NASA chief says Russia ties 'solid' as Moscow's space chief rejects U.S.-led moon program

FILE PHOTO: NASA administrator Jim Bridenstine talks to the media during a prelaunch briefing before the launch of the SpaceX Crew Dragon spacecraft on a Falcon 9 booster rocket from Pad39A at the Kennedy Space Center in Cape Canaveral, Florida, U.S., May 29, 2020. REUTERS/Steve Nesius

NASA administrator Jim Bridenstine said Tuesday he still expected support from Russia's space corporation in its Artemis moon program despite Moscow's space chief slamming the U.S.-led lunar effort.

Bridenstine said in an interview with Reuters on Tuesday "the relationship between NASA and Roscosmos is solid" and emphasized that international partners will play a key role in NASA's plan to land humans on the lunar surface by 2024 and construct a space station orbiting the moon.

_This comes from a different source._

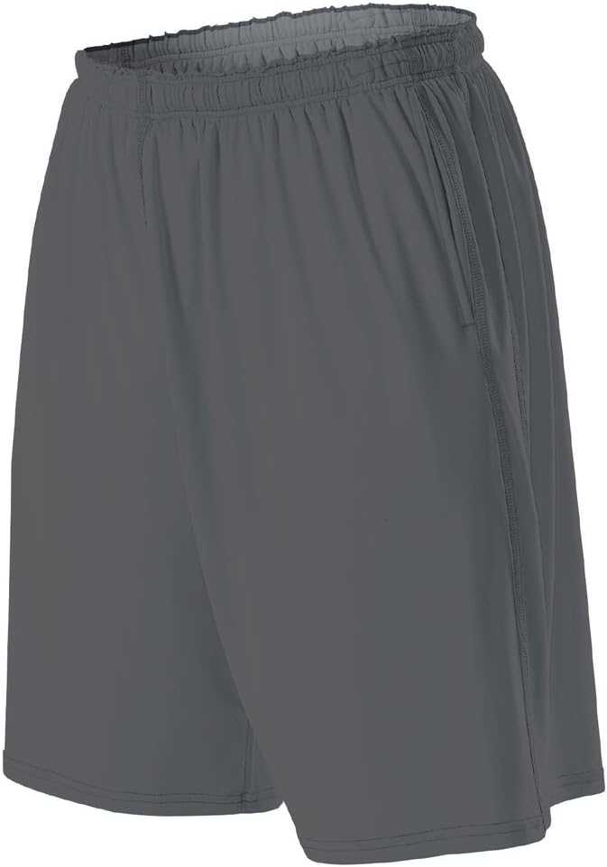 The ultimate workout or training short. Flat knit tech shorts with pockets. Single ply, cover hemmed leg openings with two on-seam self-material deep pockets.
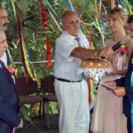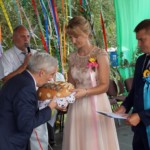 Starostowie przekazali na ręce burmistrza Adama Bodziocha upieczony chleb z tegorocznych zbiorów, a następnie wspólnie poczęstowali nim gości.

"I've got a good relationship with Dmitri Rogozin, so I'm hopeful that there are opportunities for us to continue to collaborate," Bridenstine said, referring to the general director of Russia's state space corporation Roscosmos. But Rogozin called the moon program in an interview with Komsomolskaya Pravda on Monday a "political project" and likened it to NATO, the Western military alliance Russia has long shunned.

"With the lunar project, we are witnessing the departure of our American partners from the principles of cooperation and mutual support that have developed with the ISS," Rogozin said. "Frankly speaking, we are not interested in participating in such a project."The Trump administration in May unveiled an international pact called the Artemis Accords, aiming to leverage its existing relationships on the International Space Station and welcoming agreements with "like-minded" countries to help build a long-term presence on the moon under current international space law.

NASA expects Russia to deliver its offer of an airlock for the Lunar Gateway, a planned outpost in lunar orbit to be built by a mix of private companies and countries and a key piece to the Artemis program.

For two decades the U.S. space relationship with Russia has been largely insulated from geopolitics on Earth, party due to NASA's reliance on Soyuz launch vehicles for trips to the space station. NASA is now preparing to fly its astronauts on new space capsules from SpaceX and Boeing Co.